Major depressive disorder (MDD) is a serious public health problem that has, at best, modest treatment response. One reason for this mixed efficacy is that MDD has a very heterogeneous clinical presentation. One way to parse the heterogeneity is to investigate the role of particular features of MDD, an endeavor that can also help identify novel and focal targets for treatment and prevention efforts. Psychomotor disturbance (e.g., psychomotor agitation [PmA] and retardation [PmR]) has long been viewed as a particularly pernicious feature of MDD, and yet we know surprisingly little about these behaviors. For example, it is unknown if motor disturbance occurs only in active depression, or whether it also continues into remission (potentially signaling vulnerability for relapse). There also has been little work (a) linking PmA & PmR with abnormal neural circuitry mediating these motor behaviors, (b) examining how motor symptoms change over the course of illness, and (c) investigating whether PmR & PmA represent a single underlying process, or reflect distinct mechanisms. The present proposal seeks to test these questions and also identify powerful and easy to administer tools to assess these behaviors in clinical practice. The proposed project will recruit those with current MDD (n = 100), remitted MDD (n = 100) and controls (n = 50) and take a Research Domain Criteria (RDoC) approach by comparing the three groups on multiple indicators of PmR and PmA (Aim 1). Specifically, we will assess PmR and PmA with self and observer- based reports, behavioral assessments in the laboratory (Velocity Scaling [PmR] and Force Variability [PmA]), and behavioral assessments in subjects' natural environment (actigraphy and daily typing behavior on one's smartphone [texting, emailing, etc.]). These behavioral measures are particularly critical as they yield more fine-grained and objective assessments of PmR and PmA that may be missed by traditional diagnostic assessments.
Aim 2 seeks to examine the structural (diffusion tensor) and functional (resting state fMRI) connectivity of motor circuitry of the three groups as well as the relation between motor circuitry and the proposed indicators of PmR and PmA. For this aim, we will utilize innovative graph theory metrics of connectivity of the three primary motor circuits identified in animal and human studies (specifically, basal ganglia, cerebellar and cortico-cortical motor circuits) which will provide a comprehensive examination of motor system organization in MDD.
Aim 3 seeks to follow-up subjects three times over 18 months to evaluate whether motor symptoms change in tandem with overall depressive symptoms and functioning over time and/or whether baseline PmR/PmA predicts course of depression an functoining.
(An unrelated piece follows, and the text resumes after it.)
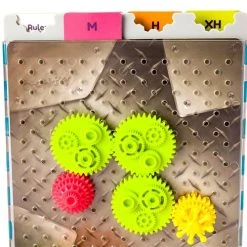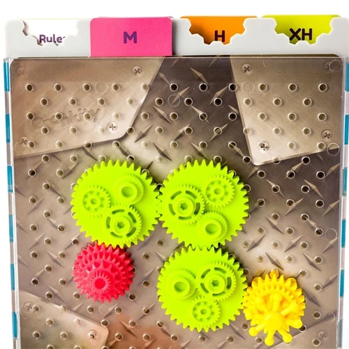 Get your brain cranking! The object is simple: build a puzzle solution between the red gear and the yellow wheel. When the gear teeth interlock, you’ll be able to turn the wheel and send the whole contraption spinning! Start by choosing a puzzle of your choice (there are four levels of difficulty so the whole family can play!). Slide the card under the clear grid, then place the red gear and yellow wheel as indicated. Each puzzle will show you an array of colors and sizes of gears, and how many of each you’ll need (you’ll see them printed along the bottom of the card). Pull those out (you MUST use all of them!). Now: solve that puzzle! Think you’ve solved the puzzle? Give the yellow wheel a turn and see if your contraption spins! If the red gear spins along with all of the gears you MUST use, you have just engineered a solution to the puzzle! If not, return to your design board and give your problem-solving skills another whirl!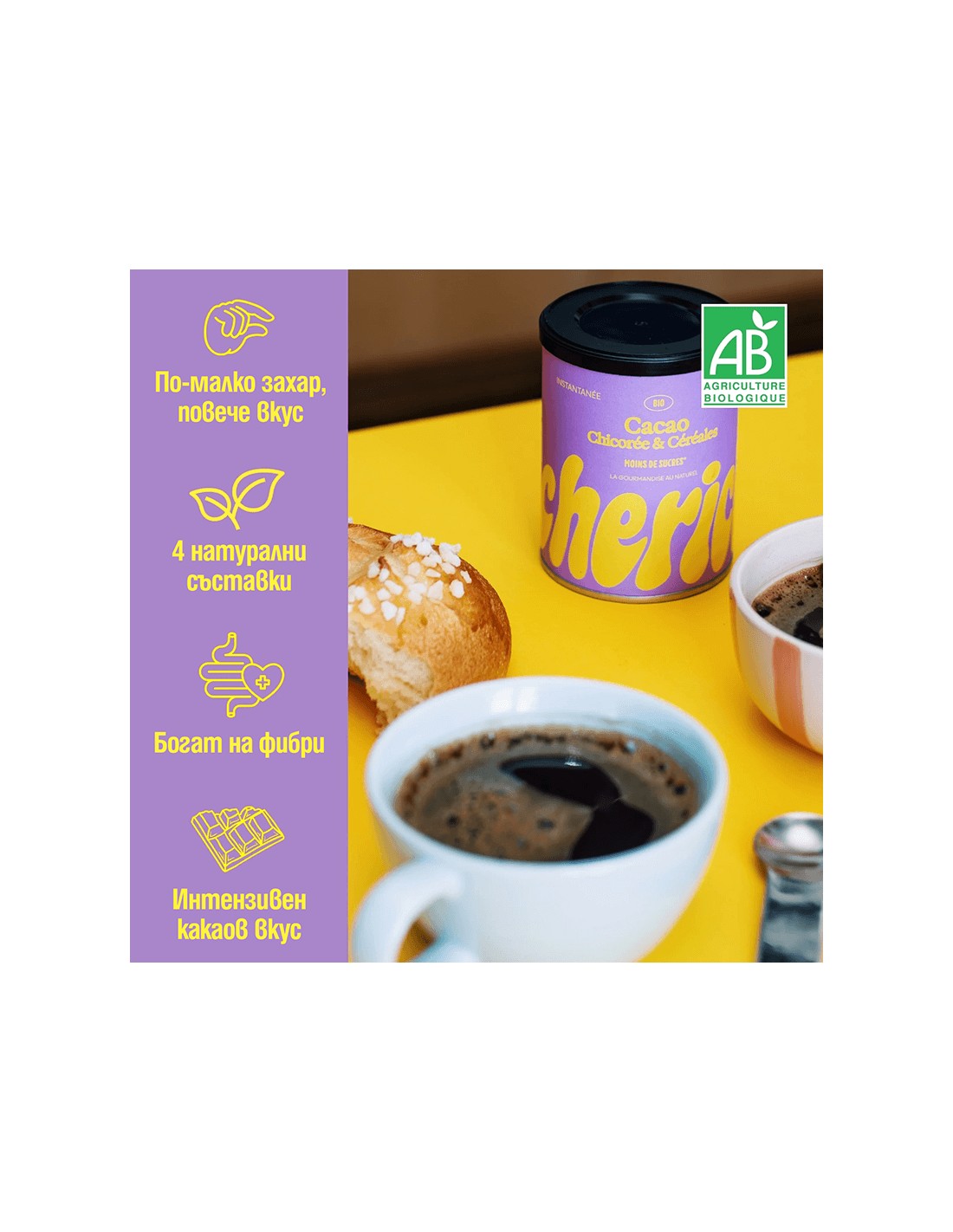 Гурме разтворима напитка без кофеин с интензивен какаов вкус и фини карамелено-лешникови нотки от цикорията. Съдържа 4 натурални съставки, без добавена захар и богата на фибри. Идеална за топла и успокояваща пауза по всяко време на деня

Aim 3 is particularly clinically significant. Finding that motor and overall depression severity co- vary over time, or that motor variables predict subsequent change in overall depression severity, would support the potential clinical utility of the proposed novel, reliable, and easily administered motor assessments.
The goal of this proposal is to better understand slowing and agitated movements that are characteristic of depression, and determine if these movements occur only in active depression, or are also present in individuals whose depression has remitted. We will also evaluate the brain basis for such behaviors, and examine if these abnormalities in movement change over time as currently depressed individuals recover, or as remitted individuals relapse. Taken together, understanding these movement abnormalities may lead to path-breaking early detection strategies, that help to predict the course of depression, and inform treatment strategies.